Low-confidence indicators are visually marked in the tracker and disclosed in the paper's limitations section. They are not removed from the composite. Excluding them would distort the regional comparison; flagging them transparently lets reviewers weight them as they choose.
§06 Validation states
Every score progresses through three validation states.
- AI-assisted — initial score generated by an AI research workflow with cited evidence. This is the default state at first scoring.
- Human-reviewed — the author has reviewed the AI-generated score and either accepted, adjusted, or rejected it. The review action and date are recorded.
- Expert-validated — a third-party domain expert (regional researcher, regulator, or programme reviewer) has signed off on the score.
Submission to Data & Policy requires every score in the cohort to be at least Human-reviewed. Expert-validated is the gold standard and is sought for the highest-stakes country scores.
§07 Data sources hierarchy
Sources are weighted in the following order:
- Primary government sources: legislation, gazette publications, regulator websites, ministry portals, official strategy documents.
- Authoritative regional and international trackers: African Union AI Strategy tracker, UNESCO AI Policy Observatory, the African Observatory on Responsible AI's Africa AI Policy Tool, OECD AI Policy Observatory, Carnegie AfTech.
- Peer-reviewed academic sources: CIGI policy briefs, Global Studies Quarterly, Data & Policy.
- Reputable secondary sources: Reuters, Bloomberg, Financial Times, sector-specific outlets with named bylines.
- AI-assisted retrieval: explicitly flagged when AI tools assisted in source discovery.
Where sources disagree, the most conservative score is used and the discrepancy is documented in the indicator's evidence note.
§08 Cutoff
The current cohort scoring reflects evidence available as of 2026-04-30. Evidence published after the cutoff is recorded in subsequent tracker versions but does not retroactively change scores in this version.
§09 Limitations
The framework has four limitations the paper discloses explicitly.
First, single-scorer bias. One author made the bulk of scoring decisions. Inter-rater reliability is partial; expert-validation rounds with the ILINA Program partially mitigate this but do not eliminate it.
Second, variable evidence base across countries. Some primary sources are not in English. Cameroon and Gabon's evidence base is markedly thinner than Nigeria's or Kenya's. Confidence flags transparently reflect this.
Third, snapshot nature. The AI policy landscape is moving rapidly. The 2026-04-30 cutoff captures one moment; the framework is designed to be re-applied at future cutoffs.
Fourth, judgement in qualitative scoring. The rubric does not eliminate judgement, particularly on indicators like "ethics guidance" and "negotiation capability" where contracts are rarely public. The methodology lock means definitions are stable, but interpretation always carries some scorer voice.
§10 Optional sixth signal
The methodology includes an optional sixth signal — epistemic alignment — which captures whether deployed AI systems reflect local knowledge, languages, and contexts rather than imported defaults. Indicators include African-language AI activity, indigenous knowledge representation in training data, and local institutional ownership of model artefacts.

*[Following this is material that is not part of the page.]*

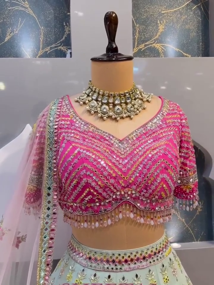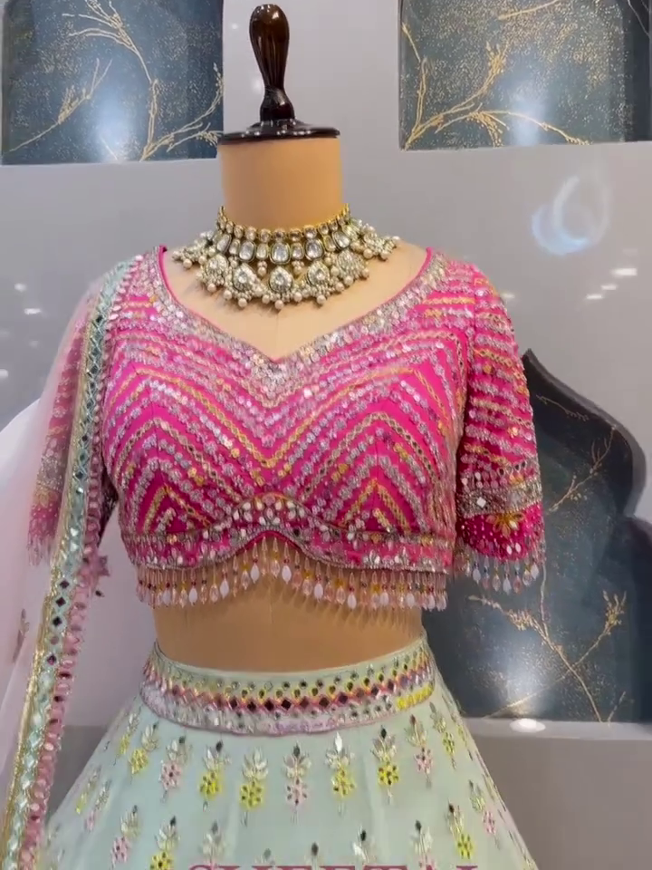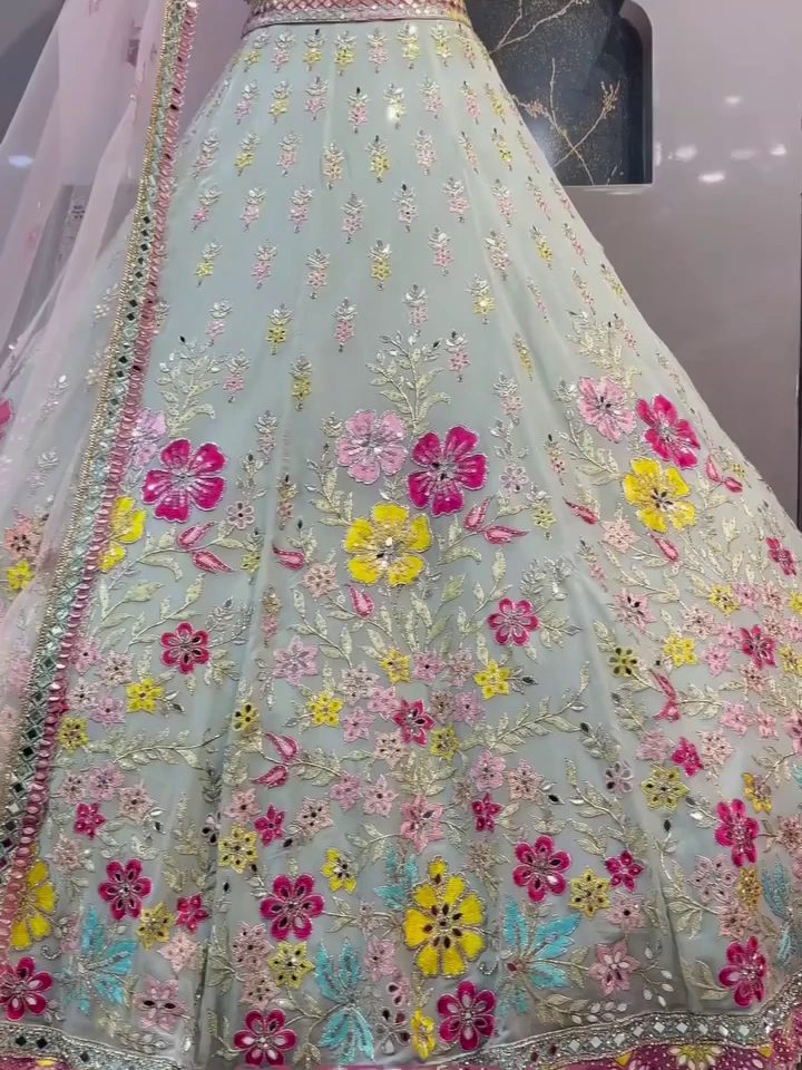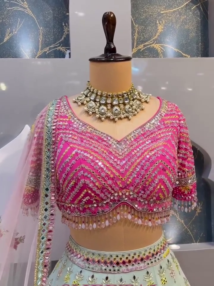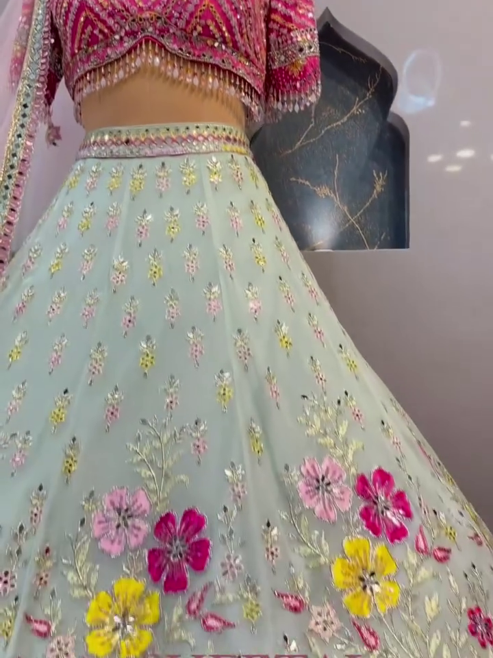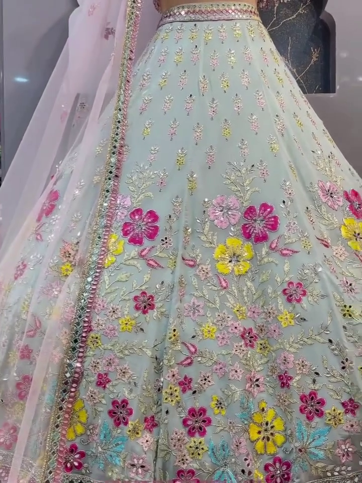 Crafted From Lightweight, Flowing Georgette Fabric, The Lehenga Features A Beautiful Flare That Moves Gracefully With Every Step. Whether You’re Walking Down A Wedding Path Or Twirling At A Sangeet, The Look Is Both Timeless And Glamorous.
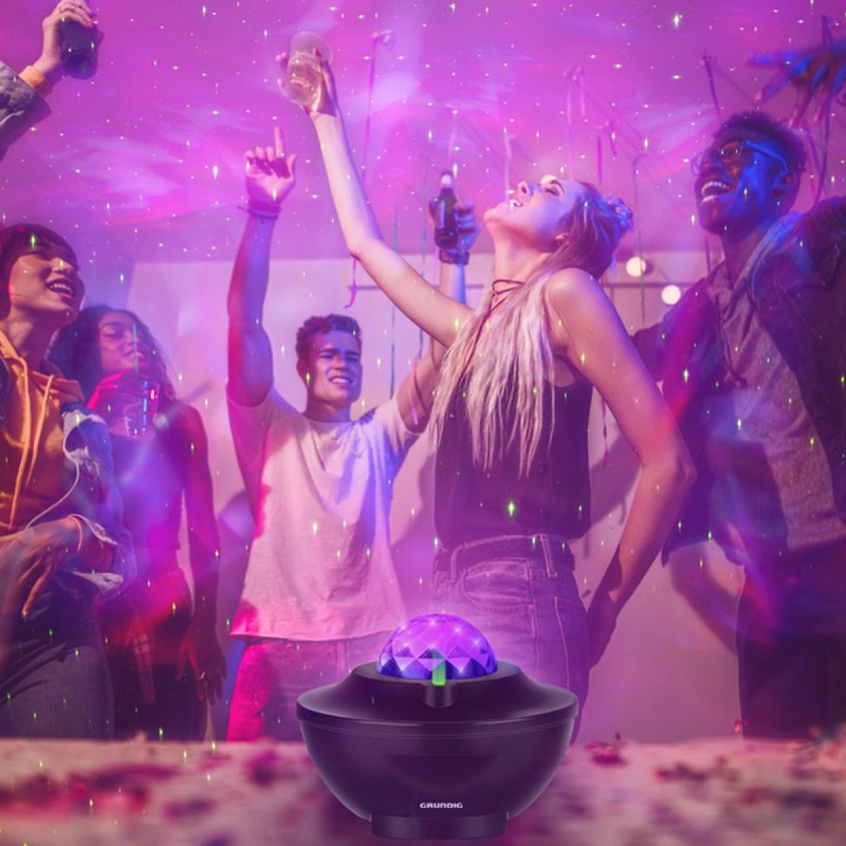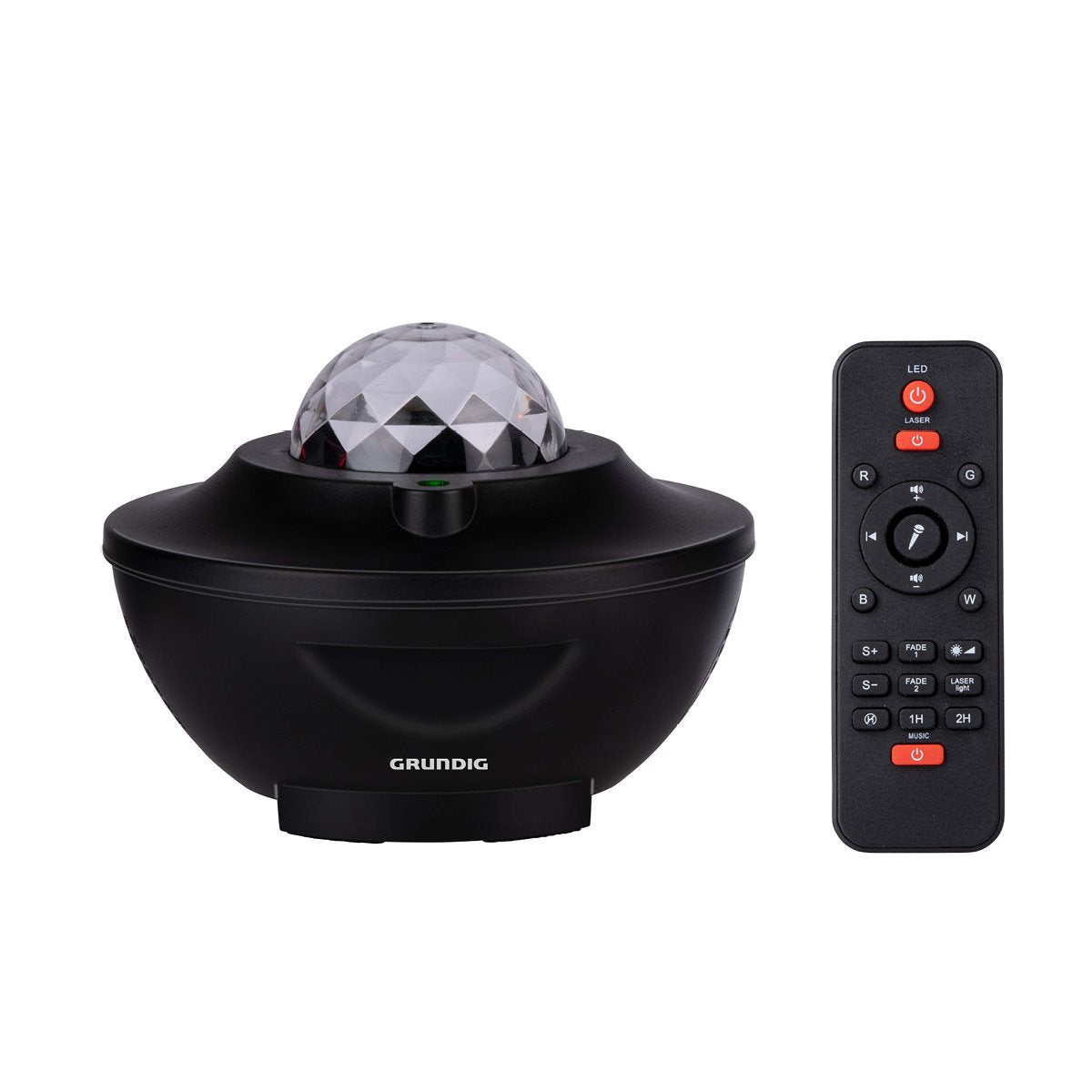 Hoe leuk is deze sterrenhemel projector van Grundig? Met slechts één lamp kies je uit 10 verschillende soorten projecties die een kamer naar keuze transformeert in een kleurrijke galaxy. Bijgeleverd zijn de afstandsbediening, waardoor je de lamp ook op afstand kunt besturen, en een USB oplaadkabel waarmee je de lamp van stroom voorziet. Naast dat de galaxy projector een mooi licht geeft, heb je ook de mogelijkheid muziek af te spelen via de bluetooth speaker. De nachtlamp is voorzien van laserlicht en timer. Je kunt je telefoon of ander apparaat verbinden met de sterrenhemel projector dankzij een USB kabel of via bluetooth.

This signal is reported as supplementary analysis rather than folded into the substantive composite. It is conceptually important to the paper's argument about negotiated intelligence but has not yet been calibrated to the same standard as the five core substantive signals.
§11 What this framework is not
The Sovereignty Plane is a diagnostic tool, not a definitive index. It is designed to make a comparative argument about formal-versus-substantive divergence visible and quantifiable. It is not designed to rank countries on AI capability writ large, nor to predict policy outcomes. It is not a substitute for country-level case studies; it is a complement that surfaces patterns case studies can then test.
Reviewers should treat the country scores as indicative positions on a two-dimensional surface rather than as point estimates of a latent capability. The value lies in the shape of the cohort — the spread of points, the regional clusters, the diagonal — more than in any single country's exact coordinates.